У самой двери вдруг остановилась.
«Ты что, думаешь это он?» – сердце её дрогнуло.
За дверью стоял очередной «проситель». Проводили опрос на тему жизни в городе. «Мы здесь не живём, – сказала Миля, как отрезала. «Или всё-таки живём?» – подумала она, уже закрыв дверь. Мужчина отправился дальше в добрый путь. А Миля как будто бы окрепла и отправилась в душ – чтобы, так сказать, окончательно проснуться.

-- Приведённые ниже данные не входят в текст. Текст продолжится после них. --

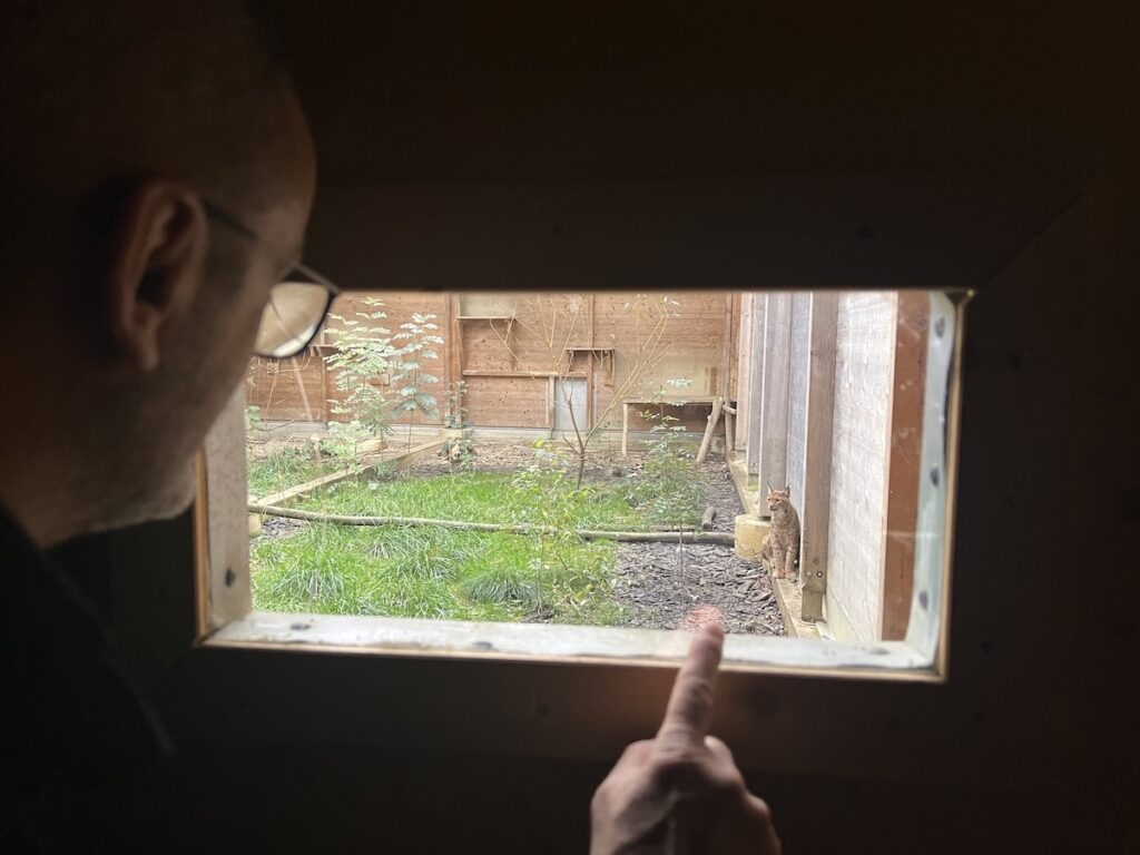Tout en scrutant son téléphone pour surveiller une éventuelle alerte, Gilles Moyne nous emmène dans un vaste hangar en bois protégé par de grandes barrières. C’est dans ce bâtiment construit en 2019 que se reposent, à l’abri des regards, les deux jeunes lynx. Armés de grandes épuisettes et de gants de protection, lui et deux autres soigneuses attrapent – non sans mal – les très agiles félins. Il et elles les placent dans deux grands sacs puis dans des caissons de transport, avant de foncer en voiture direction la clinique vétérinaire.

Не успела включить воду, как вышла грустная и… с душевой лейкой в руке. Провозившись добрую четверть часа, она, наконец, зафиксировала предмет. С горем пополам помылась. Пристроила выпадающую плитку: похоже, это проделывал не один жилец.
Помня о ночном лихе, я решил исследовать подкроватный мир. На клочке обоев криво, будто детской рукой, было выведено: «Вы за это поплатитесь».
Похоже, домовые успели нам изрядно насолить. Душ, чайник – это только «цветочки». В нашем доме выпадало буквально всё. Утюг дымился при включении. Прогорклый запах пропитал всю одежду в шкафу. И, что самое странное, были эти вещи не наши. Тогда, спрашивается, чьи?
С первого дня меня манила стенка-шкаф. Красивые книги были моей слабостью. Словно в сотах, они занимали всё пространство. Вспомнив вкус мелованной бумаги, я облизнулся. И всё же брать эту дистанцию не стал. Вдруг монстры и здесь ножки подпилили?